Significance. If the reported gain is attributable to the point-process formulation rather than ancillary implementation choices, the work would offer a principled alternative to sequential layer prediction, addressing a recognized limitation in handling multiple valid groupings of transparent surfaces. The availability of code strengthens reproducibility.
major comments (2)
- [§3] §3 (Method): The derivation of the permutation-invariant likelihood from the point-process model is presented at a high level; it is unclear whether the resulting loss remains stable under varying numbers of layers or introduces bias toward certain groupings during optimization. A concrete expansion with the explicit likelihood expression and training objective is needed to confirm it correctly supports arbitrary groupings.
- [§4] §4 (Experiments): The 8.75-point absolute gain on quadruplet relative depth accuracy is reported without ablations that isolate the contribution of the self-determined grouping (e.g., comparison against the same backbone with a fixed ordering loss). This makes it difficult to attribute the improvement to the claimed formulation rather than other factors.
minor comments (3)
- The abstract and introduction would benefit from a brief statement of the exact point-process intensity function and how the likelihood is normalized.
- Figure 2 (qualitative results) lacks error maps or per-layer visualizations that would illustrate the adaptive grouping behavior.
- Training details (optimizer, learning-rate schedule, number of layers sampled during training) are referenced but not fully specified in the main text; they should be expanded or clearly cross-referenced to the supplement.
Simulated Author's Rebuttal
We thank the referee for the positive assessment and the recommendation for minor revision. We address each major comment below and will revise the manuscript accordingly to improve clarity and strengthen the empirical attribution.
read point-by-point responses
-
Referee: [§3] §3 (Method): The derivation of the permutation-invariant likelihood from the point-process model is presented at a high level; it is unclear whether the resulting loss remains stable under varying numbers of layers or introduces bias toward certain groupings during optimization. A concrete expansion with the explicit likelihood expression and training objective is needed to confirm it correctly supports arbitrary groupings.

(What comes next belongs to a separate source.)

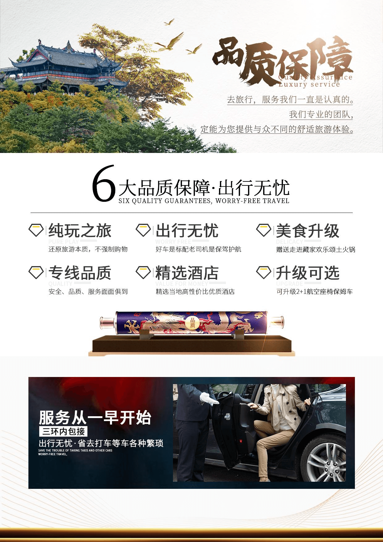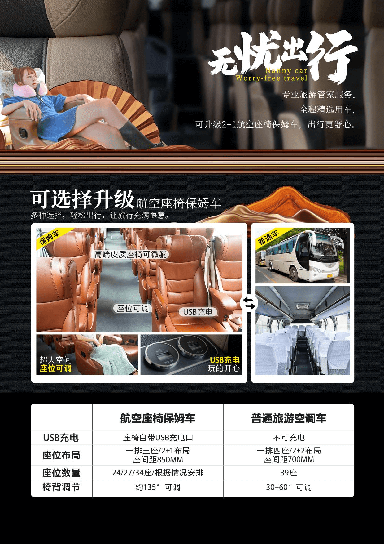3、無憂出行:專業(yè)旅游管家服務(wù),全程精選用車,可選擇升級(jí)2+1保姆車
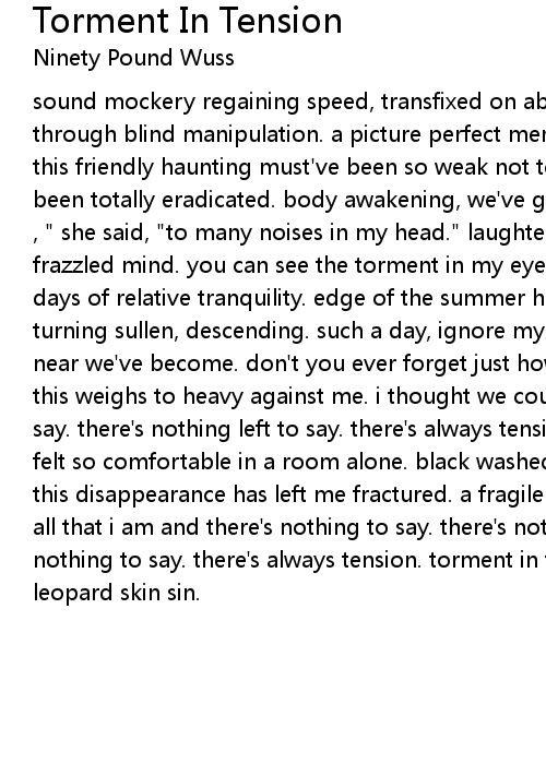 sound mockery regaining speed, transfixed on absolution. attempting to overthrow through blind manipulation. a picture perfect memory so real. surveillance of this friendly haunting must've been so weak not to count on murder. emersion has been totally eradicated. body awakening, we've gained control. "i'm so messed up , " she said, "to many noises in my head." laughter reverberating through this frazzled mind. you can see the torment in my eyes. die in my eyes, die. three days of relative tranquility. edge of the summer heat. the jest of this city. turning sullen, descending. such a day, ignore my darkening but don't forget how near we've become. don't you ever forget just how near to silence we've become. this weighs to heavy against me. i thought we could, but there's nothing left to say. there's nothing left to say. there's always tension. torment in tension. i felt so comfortable in a room alone. black washed walls. no words, just silence. this disappearance has left me fractured. a fragile wreck in a storm consuming all that i am and there's nothing to say. there's nothing to say. there's nothing to say. there's always tension. torment in tension. i'm impaired by your leopard skin sin. |

Authors: We agree that an explicit derivation will improve clarity. In the revision we will add the full likelihood expression for the unordered point process along each ray, followed by the resulting permutation-invariant loss. Because the formulation treats layers as an unordered set of events, the likelihood is invariant to any reordering of the observed depths; this property holds for any number of layers and does not introduce ordering bias. We will also include a short stability analysis across layer cardinalities. revision: yes
-
Referee: [§4] §4 (Experiments): The 8.75-point absolute gain on quadruplet relative depth accuracy is reported without ablations that isolate the contribution of the self-determined grouping (e.g., comparison against the same backbone with a fixed ordering loss). This makes it difficult to attribute the improvement to the claimed formulation rather than other factors.
Authors: We acknowledge the value of an isolated ablation. While the main experiments already compare against prior sequential-layer methods that enforce fixed ordering, we will add a controlled ablation that replaces only the loss function (permutation-invariant vs. fixed-order) on the identical backbone and training schedule. This will directly quantify the contribution of the point-process formulation. revision: yes
Circularity Check
No significant circularity identified
full rationale
The paper's derivation centers on modeling per-ray depths as an unordered point process to induce a permutation-invariant likelihood, presented as a modeling choice that supports arbitrary groupings without predefined ordering. This is not equivalent to its inputs by construction, nor does it reduce via fitted parameters renamed as predictions or self-citation chains. The reported accuracy gain (61.34% to 70.09%) is framed as an empirical benchmark outcome on LayeredDepth, with no load-bearing self-citations, ansatz smuggling, or renaming of known results visible in the abstract or described approach. The method is self-contained against external benchmarks.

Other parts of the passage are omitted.